To date, Convergent has secured approximately $134 million in financing from private, venture and strategic investors, including Battery Ventures, Matrix Partners, Motorola, North Bridge Venture Partners, VantagePoint Venture Partners and Worldview Technology Partners.

“Granted, our area has low growth and a static market, but the market in general represents growth for us,” Panditi says. “At the end of the day the people who are going to make our company successful are our customers.”

The company’s worldwide customer base includes ACD.net, Adelphia Business Systems, BayRing Communications, British Telecom, Broadwing, Cablevision, Focal Communications, Global NAPs, Lightyear Communications, Missouri Telecom, TelNet Worldwide, Volaris Online and Warwick Valley Telephone Company.

Panditi points to Convergent’s willingness to shift focus to find opportunities as the market continues to correct itself. “When we started, we built business around certain technology and markets — first it was DSL and ATM technologies when the market opportunities were more in the CLEC space. Now we are changing. Our tech is broader — we’re going after multiple-markets, including the cable space and ILECS. We’re also targeting the regional bell operating companies, but regulatory constraints will likely bring delays in that area. But over time there should be opportunities for us there as well.”

Meanwhile, Avici, like almost every player in the telecom space, has seen its initial fortunes reversed. Stock that soared around $94 has slipped into the single digits. However, its most recent sales reports show a 500 percent gain in North American sales, up from one to five percent of the total market, and three percent worldwide. Avici trails Cisco and Juniper, by far the two most dominant players in the core router market. With that company at such a critical juncture, wouldn’t Panditi want to continue leading Avici’s management?

“I’m a passionate, strong believer in what Avici is doing. But I also know that I tend to operate best in a smaller, private company, because I prefer to be in the early stages of building a company,” explains Panditi, who has retained his chairman’s seat on Avici’s board.

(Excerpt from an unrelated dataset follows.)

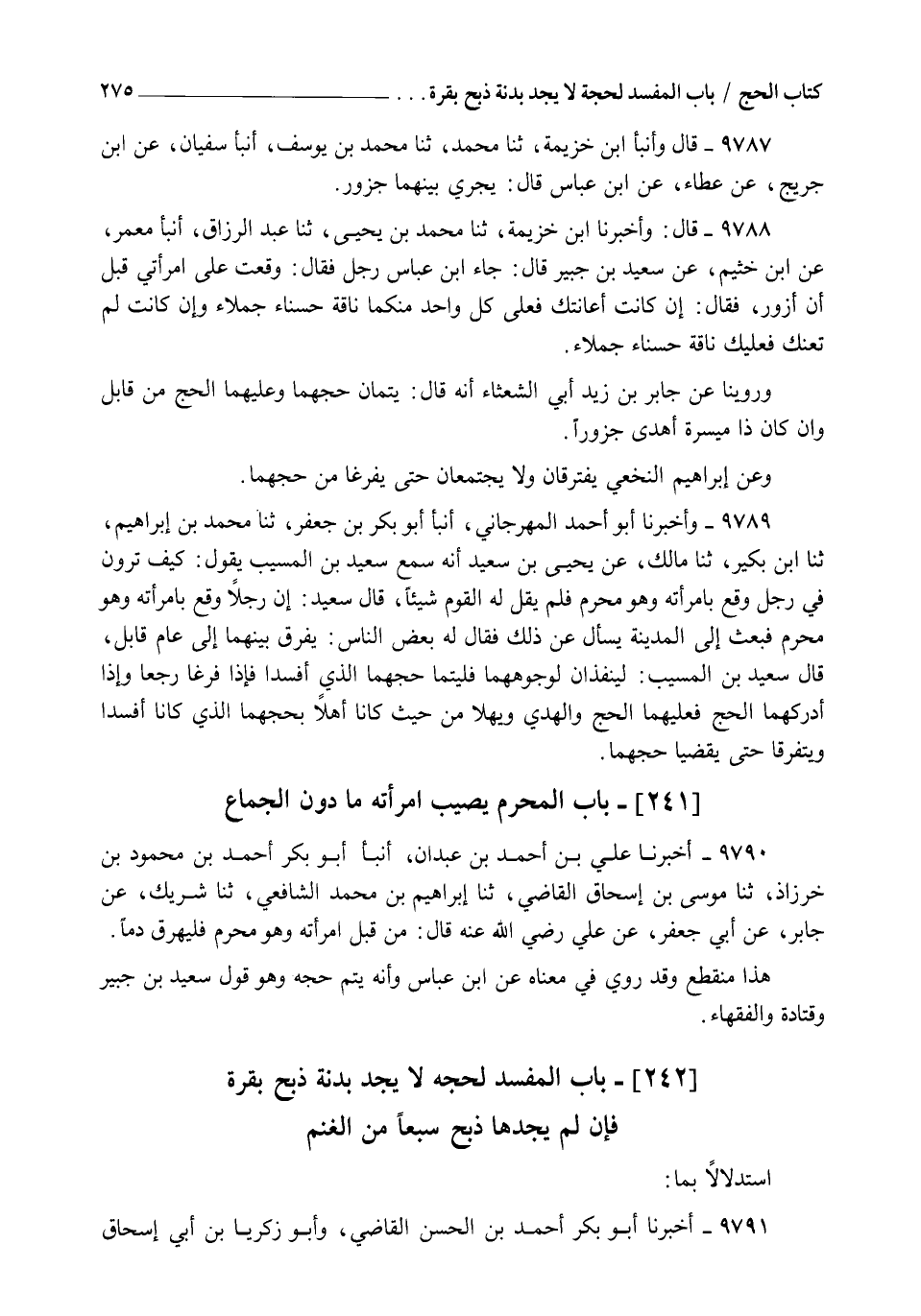9788 - قَالَ: وَأَخْبَرَنَا ابْنُ خُزَيْمَةَ , ثنا مُحَمَّدُ بْنُ يَحْيَى , ثنا عَبْدُ الرَّزَّاقِ , أنبأ مَعْمَرٌ , عَنِ ابْنِ خُثَيْمٍ , عَنْ سَعِيدِ بْنِ جُبَيْرٍ , قَالَ: جَاءَ ابْنَ عَبَّاسٍ رَجُلٌ , فَقَالَ: §وَقَعْتُ عَلَى امْرَأَتِي قَبْلَ أَنْ أَزُورَ , فَقَالَ: " إِنْ كَانَتْ أَعَانَتْكَ فَعَلَى كُلِّ وَاحِدٍ مِنْكُمَا نَاقَةٌ حَسْنَاءُ جَمْلَاءُ , وَإِنْ كَانَتْ لَمْ تُعِنْكَ فَعَلَيْكَ نَاقَةٌ حَسْنَاءُ جَمْلَاءُ " وَرُوِّينَا عَنْ جَابِرِ بْنِ زَيْدٍ أَبِي الشَّعْثَاءِ أَنَّهُ قَالَ: " يُتِمَّانِ حَجَّهُمَا وَعَلَيْهِمَا الْحَجُّ مِنْ قَابِلٍ وَإِنْ كَانَ ذَا مَيْسَرَةٍ أَهْدَى جَزُورًا " , وَعَنْ إِبْرَاهِيمَ النَّخَعِيِّ " يَفْتَرِقَانِ وَلَا يَجْتَمِعَانِ حَتَّى يَفْرُغَا مِنْ حَجِّهِمَا "

So, is there a place on the NASDAQ for Convergent? Panditi jokes that people in telecom are filing today just as much as they were filing yesterday, but the difference is that yesterday they were filing for IPOs and today they’re filing for bankruptcy. Still, he remains upbeat about Convergent’s long-term prospects.

“Just as there was a tendency to overreact to the upside when people believed there was no cap on the growth, we will come out of the slump, says Panditi. “If you’re familiar with fluctuations, and can look at the trend and not just the swings, it’s clear that strong market growth will come around again. We have the right technology, the right market, and we have cash. Those are the elements we need to put us in a strong position.”